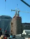 The area on either side of the temple had been excavated with deep pits like the foundations of large buildings are going in. The Temple has scaffolding on top. Looks like a years long renovation is taking place.
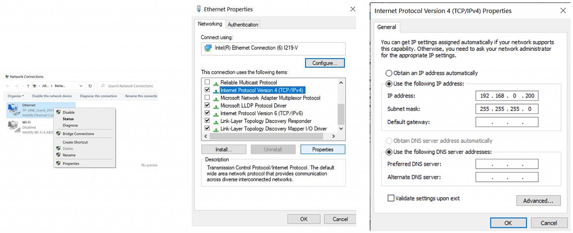 6. PC 또는 노트북의 IP 주소 확인합니다. 제어판의 네트워크 관리자에서 연결된 랜디바이스를 선택하고 "마우스 오른쪽 버튼 클릭"하여 속성을 표시합니다. IPV4, 속성을 선택하고 "다음 IP 주소 사용"을 선택합니다.
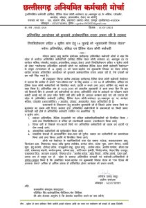 श्री रामकुमार सिन्हा प्रांतीय संयोजक छत्तीसगढ़ दैनिक वेतन भोगी कर्मचारी फेडरेशन ने बताया कि कांग्रेस ने अपने “जन-घोषणा-पत्र” के बिंदु क्रमांक 11 एवं 30 में अनियमित, संविदा एवं दैनिक वेतन भोगी कर्मचारियों को नियमित करने, छटनी न करने तथा आउट सोर्सिंग बंद करने का वादा किया है| अनियमित मंच से 14.02.2019 को माननीय मुख्यमंत्री ने स्वयं वचन दिए कि इस वर्ष किसानों लिए है आगामी वर्ष कर्मचारियों का होगा| अनियमित संघो के आवेदनों का परिक्षण करने कमेटी बनाई गई जो आज पर्यंत रिपोर्ट नहीं सौंप सकी है| अद्यतन लगभग साढ़े चार वर्ष उपरांत भी प्रदेश के अनियमित कर्मचारी (संविदा, दैनिक वेतन भोगी/कलेक्टर दर/श्रमायुक्त दर पर कार्यरत श्रमिक, प्लेसमेंट (आउटसोर्सिंग) / मानदेय, जॉबदर, अंशकालीन, ठेका) अनियमित ही है|
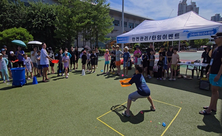 구리광장 | 2025. 7. 12.(토) | 946명 | -운영본부 : 타임이벤트, 응급처치실, 탈의실 운영 등 -체 험 존 : 청소년동아리, 비치백 만들기, 워터타투, 논알콜 칵테일 만들기 부스 운영 -힐 링 존 : 10x10 에어수영장, 쉼터 운영 -PLAY존 : 물총 사격, 물풍선 빙고, 물풍선 점수왕, 물풍선 골인 부스 운영 |
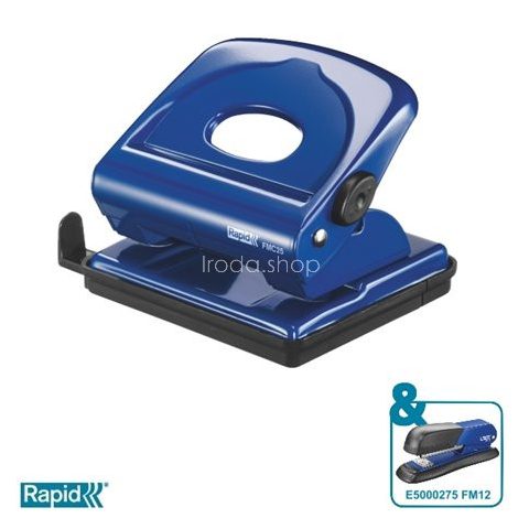 Lyukasztó, kétlyukú, 25 lap, fém, RAPID FMC25, kék - erős, fém lyukasztó blokkolható lyukasztó karral a helytakarékos tárolás érdekében - irodai használatra ajánlott - az erős, fém konstrukció tökéletes lyukasztást eredményez - nagyméretű, könnyen ürít
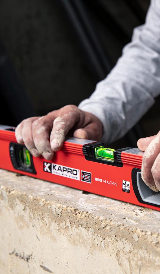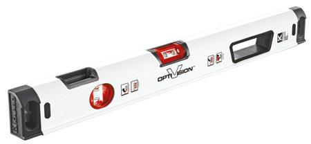 Et ekstremt holdbart vaterpas med sin asymmetriske profil, en libellebro og stødsikre endekapsler. Vaterpasset er med den revolutionerende OPTIVISION™ RED teknologi. Teknologien giver et højt kontrastforhold mellem boblen og væsken i libellen for hutigere og mere præcis flæsning i lyse og mørke omgivelser.
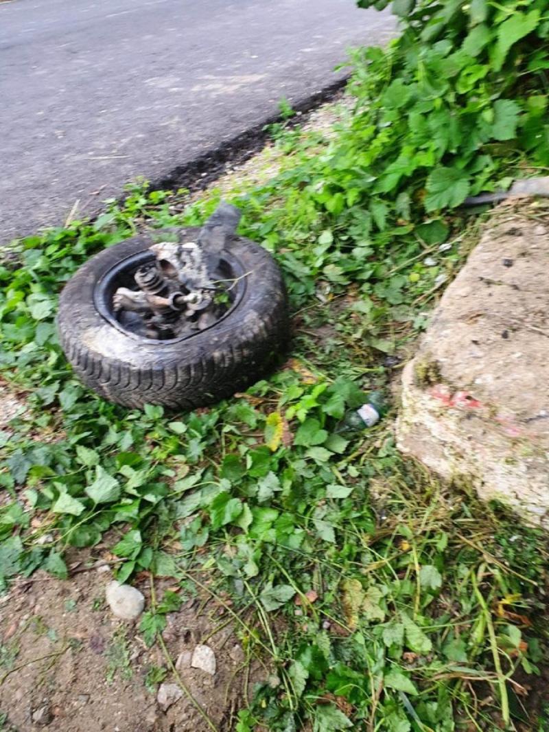 Impactul a fost atât de violent, încât roţile mașinii s-au rupt efectiv.
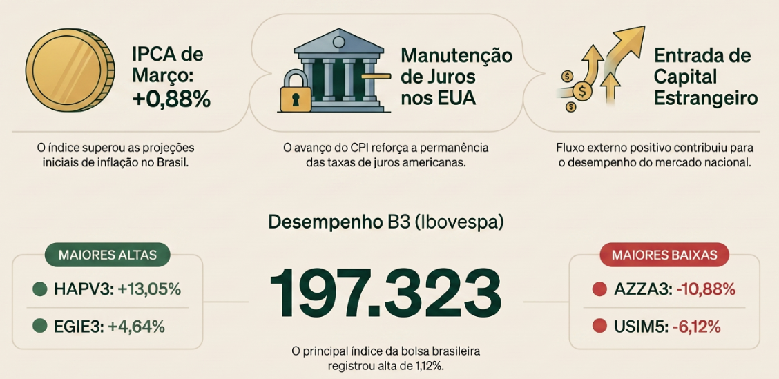 No cenário internacional, o mercado acompanhou as negociações entre os Estados Unidos e o Irã no Paquistão. O parlamento iraniano condicionou o início das tratativas a um cessar-fogo no Líbano e à liberação de ativos do país. No âmbito doméstico, o IPCA de março registrou alta de 0,88%, superando as projeções, sob influência do grupo de transportes e da variação dos preços dos combustíveis. Nos Estados Unidos, o índice de preços ao consumidor (CPI) também apresentou avanço, reforçando a avaliação de manutenção das taxas de juros pelo Federal Reserve.
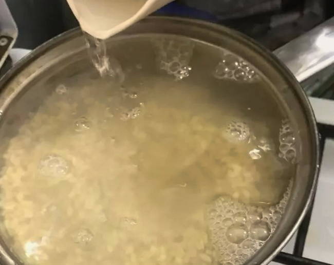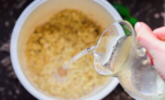Vul de Alkmaarse gort met warm water.
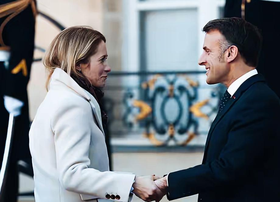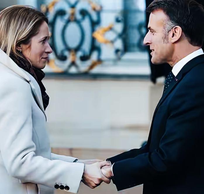 欧盟外长卡拉斯双手握着马克龙的手,看向马克龙的眼神是什么意思呀? 卡拉斯和马克龙互相对视的眼神中,传递了什么意思呢? 马克龙微笑的表情透露了何种心情呢? 卡拉斯和马克龙两人此刻内心在想什么呢?
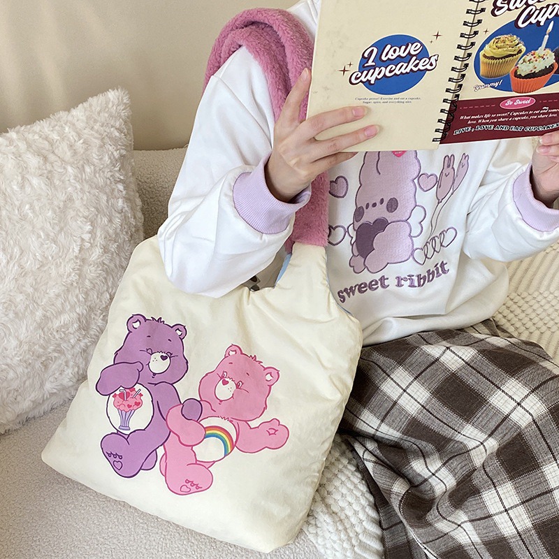 限量發售【遊戲家】Care Bears五色 彩虹熊 愛心熊 毛絨 羊羔毛 羊羔絨 化妝包 手拿包 筆袋 收納包 (紫色)F
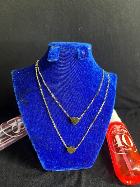 Admirez ce magnifique collier en cœur doré, parfait pour sublimer vos tenues. Sa chaîne délicate et ses pendentifs en forme de cœur ajoutent une touche romantique et élégante. Que ce soit pour un événement spécial ou votre quotidien, il s'ajustera parfaitement à tous vos styles. Un choix idéal pour les amoureux des bijoux raffinés.

════

■ **Goal of the exercise**
Above are the records. Copy word for word only their lines from the one holding "卡拉斯和马克龙互相对视的眼神中,传递了什么意思呢? 马克龙微笑的表情透露了何种心情呢? 卡拉斯和马克龙两人此刻内心在想什么呢?" through the one holding "限量發售【遊戲家】Care Bears五色 彩虹熊", both included, and skip the images.

■ **Task solution**
 欧盟外长卡拉斯双手握着马克龙的手,看向马克龙的眼神是什么意思呀? 卡拉斯和马克龙互相对视的眼神中,传递了什么意思呢? 马克龙微笑的表情透露了何种心情呢? 卡拉斯和马克龙两人此刻内心在想什么呢?
 限量發售【遊戲家】Care Bears五色 彩虹熊 愛心熊 毛絨 羊羔毛 羊羔絨 化妝包 手拿包 筆袋 收納包 (紫色)F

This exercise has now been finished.